Kiup Lee dégage déjà une impression de grande facilité. Sa voix rayonnante, bien assise, s’élève en de vaillants aigus (mais ils sont moins stables dans la nuance piano). Le timbre clair, la musicalité et le legato, mais aussi la prononciation du français très correcte en font un Pâris de choix. Lorsque le répertoire s’alourdit, il souffre toutefois de légers décrochages. Marie-Andrée Bouchard-Lesieur (dont les initiales, MABL, se prononceraient Ma Belle, si ce n’était par trop familier) dispose déjà d'un souffle bien enraciné, d’un mezzo très assuré, fougueux, d’aigus épais et d’un ample vibrato. Par son regard et ses expressions faciales, elle construit un théâtre expressif.

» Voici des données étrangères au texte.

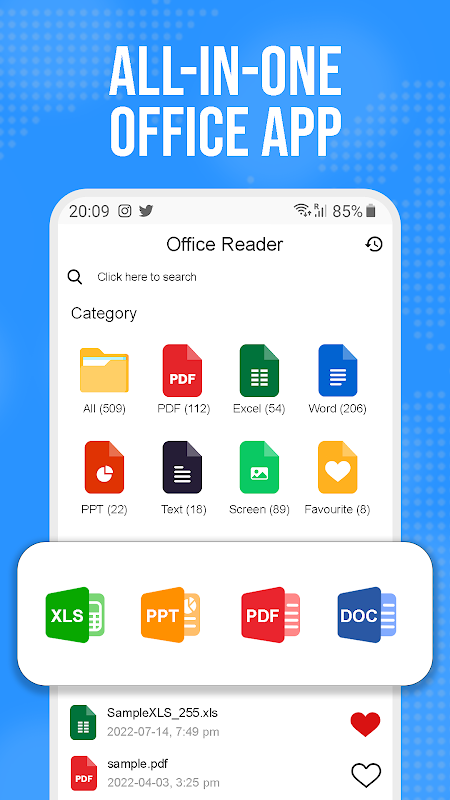 सभी दस्तावेज़ रीडर - PDF, Excel, Docx, Xlsx, PPT, TXT, Office Suite

Tobias Westman, qui entre par mégarde en scène un numéro trop tôt, y remonte rapidement en Prince Sou-Chong. Son ténor barytonant manque certes de largeur, mais il déploie des aigus charpentés, un vibrato impétueux et une prononciation précise. Le chant est nuancé et appuyé sur un souffle maîtrisé. Son long et brillant aigu final lui vaut les acclamations du public. Le baryton Alexander Ivanov, nouvel arrivant, dispose d’une certaine aisance scénique et d’un timbre ténébreux mais brillant. Sa couverture vocale bonifie les couleurs de sa voix, mais nuit à la projection et donc au volume vocal, bien que la voix s’élargisse dans les graves. Alexander York se présente principalement dans un répertoire léger (Malatesta, Danilo) dans lequel, de fait, la clarté de son timbre dans le registre aigu est valorisée. Pourtant, l’appui y manque de vigueur et c’est en Marcello, rôle plus central, que la voix s’épanouit réellement, avec de gracieux graves et un lyrisme affirmé.

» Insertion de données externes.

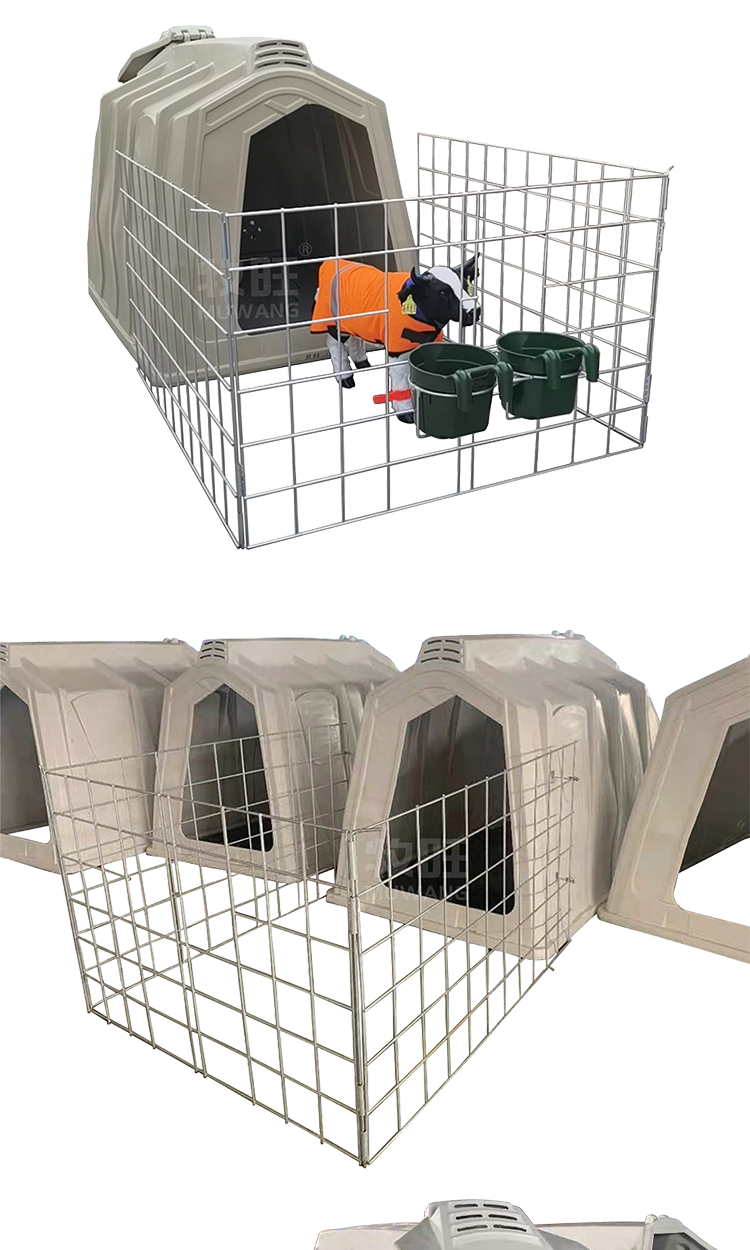 Calf Island is an independent feeding facility designed specifically for newborn calves. It is made of high-quality PP material, roll molded, and has good insulation and UV resistance functions, as well as ventilation design · An independent feeding system designed specifically for calves aged 0-6 months, using a high-density polyethylene integrated molding structure that combines windproof, moisture-proof, and UV resistant properties. · Ventilation design, the top and back of the calf island can be ventilated, making the internal ventilation of the calf island more reasonable; · Thickened hot-dip galvanized fence to provide ample activity space for calves;

L’Académie a recruté cette année deux basses pour compléter son effectif. Aaron Pendleton fait très forte impression malgré ses maigres interventions. Sa voix large et profonde laisse résonner un timbre crépusculaire qui fera merveille un jour à Bastille : en attendant, il doit fournir une attention constante à ne pas déséquilibrer les ensembles par un volume trop consistant. Niall Anderson ne dispose que d’une courte intervention pour donner à entendre un timbre noble et boisé et une aisance scénique prometteuse.
Au piano, Olga Dubynska (qui donne également de la voix dans les chœurs) imprime souvent des tempi (trop) lents. Pourtant, elle parvient à créer des ambiances par un toucher lancinant ou sautillant selon les répertoires. Elle passe ensuite le relais à Christopher Vazan, qui allie vigueur et musicalité pour peindre les couleurs propres à chaque œuvre.
Indéniablement, ces jeunes artistes disposent déjà d’une technique sûre : leur principal besoin est maintenant de se confronter au public le plus souvent possible (certains ont d’ailleurs déjà des admirateurs fidèles). La création de la salle modulable, voulue par Lissner et confirmée par Neef dans nos colonnes, pourrait leur donner l’opportunité de se produire plus souvent dans des ouvrages complets.